User ID            0
Gender             0
Age                0
EstimatedSalary    0
Purchased          0
dtype: int64


In [39]:
data.drop(columns = ['User ID'], inplace = True)

In [40]:
encoder = OneHotEncoder(sparse_output = False, handle_unknown = 'ignore')
encoded_arr = encoder.fit_transform(data[['Gender']])
feature_names = encoder.get_feature_names_out()
encoded_df = pd.DataFrame(encoded_arr, columns = feature_names)
data = pd.concat([data.drop(columns=['Gender']), encoded_df], axis=1)

In [44]:
X_train, X_test, y_train, y_test = train_test_split(
    data.drop(columns=['Purchased']),
    data['Purchased'],
    test_size=0.2,
    random_state = 42,
    stratify = data['Purchased'] #Making sure that train and test data has equal percentage of purchases
)
    
#Now we need to apply the feature scaling
scaler = StandardScaler().fit(X_train)
X_train_scaled = scaler.transform(X_train)
X_test_scaled = scaler.transform(X_test)

X_train_scaled = pd.DataFrame(X_train_scaled, columns=X_train.columns, index=X_train.index)
X_test_scaled = pd.DataFrame(X_test_scaled, columns=X_test.columns, index=X_test.index)

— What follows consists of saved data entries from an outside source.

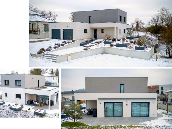 Dès l’arrivée, la maison affirme son identité architecturale. Les volumes équilibrés, les lignes épurées et les larges ouvertures offrent une lecture moderne et élégante de l’ensemble. Les façades aux tons clairs et l’aménagement extérieur soigné créent une atmosphère harmonieuse, à la fois sobre et accueillante. La terrasse de 45 m², parfaitement orientée, devient un véritable espace de vie à ciel ouvert, idéal pour les moments de détente ou de convivialité.
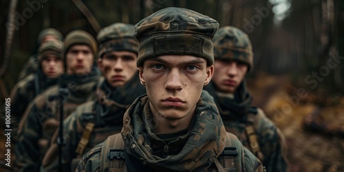 group of emotionless young soldiers in military uniform standing in a forest and looking at camera
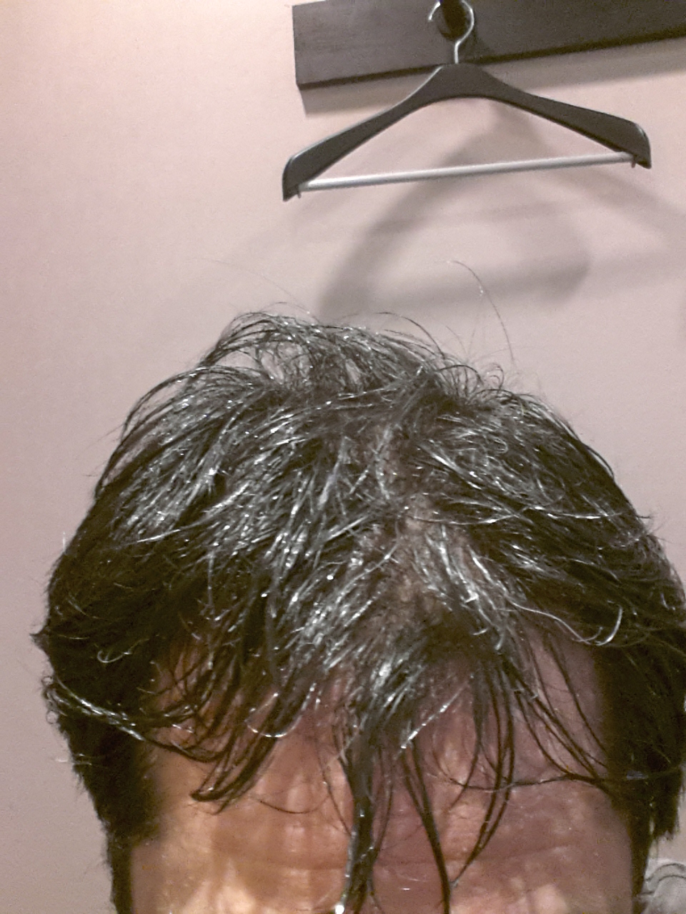 寝ぐせが雨水で濡れた頭髪。

Let's now consider different models

In [45]:
#Logistic Regression
parameters_grid = {
    'C' : [0.01, 0.1, 1.0, 10.0, 100.0],
    'solver' : ['saga', 'liblinear'],
    'penalty': ['l1', 'l2'],
}
reg = LogisticRegression(max_iter = 1000)
grid_search = GridSearchCV(reg, parameters_grid, cv = 8, n_jobs = -1)
grid_search.fit(X_train, y_train)
best_logi_reg = grid_search.best_estimator_
y_pred_logi_reg = best_logi_reg.predict(X_test)

#K Nearest Neighbours
parameters_grid = {
    'n_neighbors': np.arange(2, 10, 1),
    'weights': ['uniform', 'distance'],
    'metric': ['euclidean', 'manhattan'], 
}
knn = KNeighborsClassifier()
grid_search_knn = GridSearchCV(knn, parameters_grid, cv = 8, n_jobs = -1)
grid_search_knn.fit(X_train, y_train)
best_knn = grid_search_knn.best_estimator_
y_pred_knn = best_knn.predict(X_test)


#Naive Gaussian Bayes
gauss_nb = GaussianNB()
gauss_nb.fit(X_train, y_train)
y_pred_gauss = gauss_nb.predict(X_test)

metrics = {
    "Logistic Regression": {
        "accuracy": accuracy_score(y_test, y_pred_logi_reg),
        "precision": precision_score(y_test, y_pred_logi_reg, average="weighted"),
        "recall": recall_score(y_test, y_pred_logi_reg, average="weighted"),
        "f1_score": f1_score(y_test, y_pred_logi_reg, average="weighted"),
    },
    "KNN": {
        "accuracy": accuracy_score(y_test, y_pred_knn),
        "precision": precision_score(y_test, y_pred_knn, average="weighted"),
        "recall": recall_score(y_test, y_pred_knn, average="weighted"),
        "f1_score": f1_score(y_test, y_pred_knn, average="weighted"),
    },
    "Naive Bayes": {
        "accuracy": accuracy_score(y_test, y_pred_gauss),
        "precision": precision_score(y_test, y_pred_gauss, average="weighted"),
        "recall": recall_score(y_test, y_pred_gauss, average="weighted"),
        "f1_score": f1_score(y_test, y_pred_gauss, average="weighted"),
    }
}

In [46]:
metrics

{'Logistic Regression': {'accuracy': 0.775,
  'precision': 0.7842436974789916,
  'recall': 0.775,
  'f1_score': 0.7574942791762014},
 'KNN': {'accuracy': 0.7375,
  'precision': 0.7347894265232975,
  'recall': 0.7375,
  'f1_score': 0.7195584635661835},
 'Naive Bayes': {'accuracy': 0.875,
  'precision': 0.8741264849755416,
  'recall': 0.875,
  'f1_score': 0.8739697802197803}}

So we can conclude that K nearest neighbours is the most ortimal model for solving the following task.